On December 21, Reuters reported that the Criminal Court in Paris announced that it had fined Total S.A. €500,000, in a criminal case in which Total was charged with paying $30 million to obtain access to Iranian oil fields between 1997 and 2005. French prosecutors reportedly had sought €750,000, as well as confiscation of €250 million — equivalent to the potential benefit that Total received from the bribe – from Total.
The charges in this case dated back to 2013, when the United States Department of Justice announced that Total was the subject of the first coordinated action by French and U.S. law enforcement in a major foreign bribery case. In brief, according to the Justice Department, in 1995 Total sought to re-enter the Iranian oil and gas market by attempting to obtain a contract with the National Iranian Oil Company to develop the Sirri A and E oil and gas fields.
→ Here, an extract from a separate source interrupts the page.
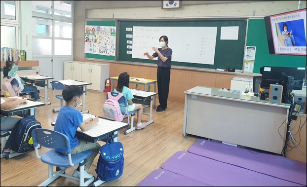 ¶ÇÇÑ 1Çг⠹ÚÁ¤Çý ±³»ç´Â ÀÌ»¡ ±«¹°ÀÌ ¹ÞħÀÖ´Â ±ÛÀÚ¸¦ ´Ù¸Ô¾î¹ö·È´Ù°í ¹ÞħÀ» ã¾Æº¸ÀÚ·Î ½ÃÀÛÇßÀ¸¸ç, 2Çгâ ÀÌ¿ë½Å ±³»ç´Â ÇлýµéÀÇ ´«³ôÀÌ¿¡ ¸Â°Ô ²Ù¸çÁÖ´Â ¸»À» ³Ö¾î ±Þ¿ì¸¦ ĪÂùÇØ ÁÖ°í, ³îÀÌ È°µ¿À¸·Î ¼ö¾÷ÀÇ Áñ°Å¿ò°ú Àμº±³À°±îÁö °âÇØ ÁöµµÇϸç Àç¹ÌÀÖ°Ô ±¹¾î ½Ã°£À» À̲ø¾ú´Ù.

Eventually, between 1995 and 2004, at the direction of an Iranian official later identified as Medhi Hashemi Rafsanjani (the son of Iran’s former president Akbar Hashemi Rafsanjani), Total corruptly made approximately $60 million in bribe payments for the purpose of inducing the Iranian official to use his influence in connection with Total’s efforts to obtain and retain lucrative oil rights in the Sirri A and E and South Pars oil and gas fields.
In 2013, in coordinated enforcement actions, the Justice Department concluded a deferred prosecution agreement with Total that involved Total’s payment of a $245.2 million monetary penalty to resolve Foreign Corrupt Practices Act charges, the United States Securities and Exchange Commission entered a cease-and-desist order against Total that required Total to pay an additional $153 million in disgorgement and prejudgment interest, and French authorities stated “that they had requested that Total, Total’s Chairman and Chief Executive Officer, and two additional individuals be referred to the Criminal Court for violations of French law, including France’s foreign bribery law.”
Since then, Total’s Chief Executive Officer (CEO), Christophe de Margerie, died in an airplane crash, and Total’s current Chairman and CEO Patrick Pouyanne recently stated that none of the other individuals under investigation were still living. Total had contested the prosecution on the basis “that the payments had been necessary to ensure the success of the French bid” and “that, since the bribes were paid outside France, the case had no place before a French court.”
After the fine, which one media report characterized as “symbolic,” Pouyanne stated that Total would not pursue the matter further, “given the specific circumstances of this case, which has been already judged in the U.S. and in which none of the individuals can defend themselves.” He added that anyone who knew de Margerie “knows that he would never be involved in any type of corruption.”
Note: The French Criminal Court’s fine is indeed symbolic, in two unfortunate respects. First, while the court undoubtedly was well aware that Total had already paid nearly $400 million to U.S. authorities to resolve related charges, those payments pertained specifically to violations of United States criminal and civil law. By levying a fine equivalent to 0.0038 percent of Total’s alleged $150 million in profits from the scheme, or 0.000054 percent of Total’s 2017 adjusted net income of $10.6 billion , the court conveyed the strong impression that it regarded Total’s violation of French criminal law as unworthy of anything more than a token sanction.
Second, the court’s token fine also could be construed as a tacit endorsement of Total’s assertion that foreign bribery was necessary to ensure the success of its bid. Such an argument is contrary to the letter and the spirit of anti-corruption conventions that France has ratified as well as various national anti-corruption laws (including France’s 2016 Sapin II legislation), and deserves to be given short shrift in future French prosecutions under Sapin II.